_WHAT THE EXERCISE ASKS_.
Everything below from the line with "Red Mermaid Trail" through the line with "想入手 OPPO Find" must be retyped exactly, except the pictures.

_RECORDS PROVIDED_.
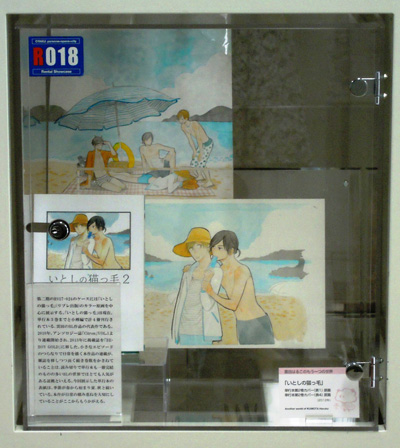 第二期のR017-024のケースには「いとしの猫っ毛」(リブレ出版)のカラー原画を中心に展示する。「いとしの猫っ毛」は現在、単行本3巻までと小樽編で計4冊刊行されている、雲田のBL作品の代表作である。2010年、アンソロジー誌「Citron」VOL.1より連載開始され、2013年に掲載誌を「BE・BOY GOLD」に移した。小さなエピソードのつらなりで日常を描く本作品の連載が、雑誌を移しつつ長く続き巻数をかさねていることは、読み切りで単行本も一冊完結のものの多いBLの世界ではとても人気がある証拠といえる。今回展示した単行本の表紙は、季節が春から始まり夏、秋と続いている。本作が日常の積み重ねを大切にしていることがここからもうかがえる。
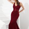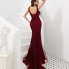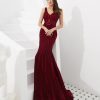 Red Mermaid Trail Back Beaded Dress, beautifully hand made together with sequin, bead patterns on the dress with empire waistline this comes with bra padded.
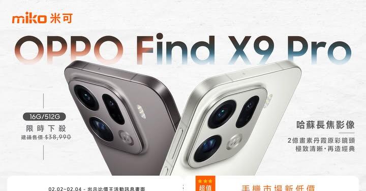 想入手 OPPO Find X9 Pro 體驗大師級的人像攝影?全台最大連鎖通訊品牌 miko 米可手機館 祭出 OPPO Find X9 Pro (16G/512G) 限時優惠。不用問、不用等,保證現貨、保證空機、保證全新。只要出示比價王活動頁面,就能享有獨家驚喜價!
==
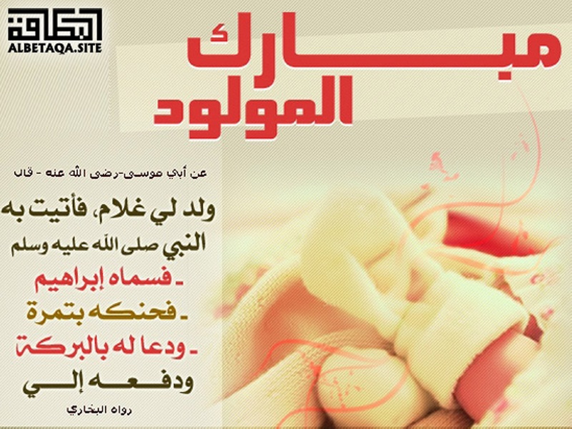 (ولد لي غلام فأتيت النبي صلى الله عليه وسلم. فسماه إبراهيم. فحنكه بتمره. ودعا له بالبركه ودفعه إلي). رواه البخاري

_ANSWER BELOW_.
 Red Mermaid Trail Back Beaded Dress, beautifully hand made together with sequin, bead patterns on the dress with empire waistline this comes with bra padded.
 想入手 OPPO Find X9 Pro 體驗大師級的人像攝影?全台最大連鎖通訊品牌 miko 米可手機館 祭出 OPPO Find X9 Pro (16G/512G) 限時優惠。不用問、不用等,保證現貨、保證空機、保證全新。只要出示比價王活動頁面,就能享有獨家驚喜價!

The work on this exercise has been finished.